While some industries have rebounded faster than others—most CFOs expect a slow to moderate recovery: Over half expect they will not reach pre-crisis operating levels until 2021, with 17% expecting 2022 or later, the survey found.

The respondent CFOs are mostly optimistic about their ability to operate effectively, safely, and profitably as the US economy continues to reopen, the survey found. But they are least optimistic about the ability of the US economy–and their companies–to get back to their performance levels before the pandemic, and they are mixed when it comes to staffing and liquidity, the survey found.

Reactions by sector

In terms of current workforce levels, the proportion of CFOs who said none of their employees are working at less than half capacity rose substantially from 26% in April to 37% in June–but one-third of respondents said at least 20% are at less than half capacity. Not surprisingly, the retail/wholesale and services sectors are the most challenged, the survey found.

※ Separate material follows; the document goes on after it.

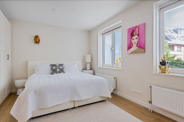 De badkamer is uitgerust met een ligbad, douchecabine en dubbele wastafel, waardoor luxe en comfort hand in hand gaan. Met een energielabel A, triple glas en CV-verwarming, is deze woning ook nog eens energiezuinig en comfortabel. Het balkon op het Westen biedt een aantrekkelijke buitenruimte om te genieten van de zon en de frisse lucht.

Technology and energy/resources CFOs expect a faster return to pre-crisis operating levels. Thirty percent of tech CFOs reported they are already at or are above normal operating levels.

Manufacturing, retail/wholesale, healthcare/pharma, and services are the most likely to expect a return to pre-crisis operating levels by the fourth quarter of 2021 or later, Deloitte said, although the latter two are largely split, with some expecting a faster return.

SEE: As the workplace reopens, CFOs are focused on retaining/creating revenue and being agile (TechRepublic)

The manufacturing, retail/wholesale, and energy/resources sectors are particularly pessimistic about their timing for reaching pre-crisis revenue levels. Retail/wholesale is relatively pessimistic about operating profitably and also about employee layoffs and furloughs, according to the survey.

Nearly 70% of CFOs believe US equity markets are overvalued, and only 6% said they are undervalued.
The survey also found that 55% of CFOs believe Congress should provide further assistance to workers, families, and small businesses, while just 19% disagree. Forty-two percent said the US Federal Reserve should take further steps to bolster liquidity, with 24% disagreeing. The numbers expressing a neutral view were high for both statements, Deloitte said.

“With a substantial reopening of the economy underway, CFOs are largely optimistic about their companies’ ability to operate effectively, safely, and profitably,” said Greg Dickinson, managing director of the North American CFO Signals Survey, in a statement. “But they indicate significant doubts about how quickly their revenue and the broader US economy will return to pre-pandemic levels.”

The Deloitte survey was conducted between June 18 and 19. More than 85% of respondents are at companies that generate over $1 billion in revenue, the firm said.